> [AVAILABLE DATA]
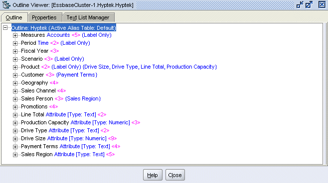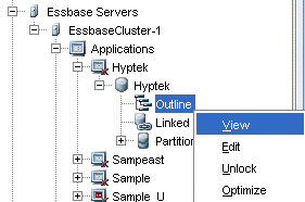 Select the Essbase Server tab, then navigate to the Hyptek database and double-click Hyptek.otl.
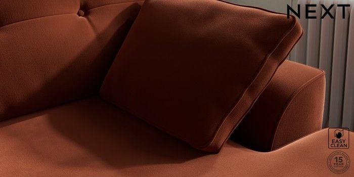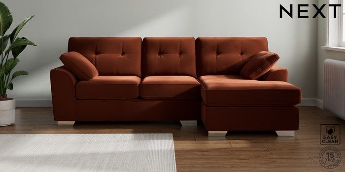 7.2.10 Buy Stamford Buttoned Back Medium Sofa Chaise - Right Hand Plush Velvet Easy Clean Ginger Orange Large Square Angle - Chrome Metal from the Next UK online shop Click here to use our accessible website
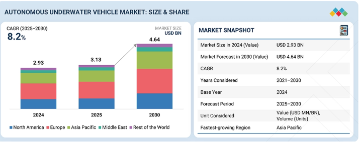 自律型水中車両(AUV)市場は、2025年の31億3,000万米ドルから2030年までに46億4,000万米ドルに達し、年平均成長率(CAGR)は8.2%と予測される。数量ベースでは、2025年の997台から2030年までに1,424台へ成長する見込みである。この成長は、防衛監視、海洋エネルギー検査、深海調査、高度な自律マッピング任務におけるAUVの採用拡大によって牽引されている。

> [EXERCISE AIM]
Give back exactly the run of lines that opens the material above and ends at the line with "7.2.10 Buy Stamford". Omit the pictures.

> [SOLUTION FOR THIS PROBLEM]
 Select the Essbase Server tab, then navigate to the Hyptek database and double-click Hyptek.otl.
 7.2.10 Buy Stamford Buttoned Back Medium Sofa Chaise - Right Hand Plush Velvet Easy Clean Ginger Orange Large Square Angle - Chrome Metal from the Next UK online shop Click here to use our accessible website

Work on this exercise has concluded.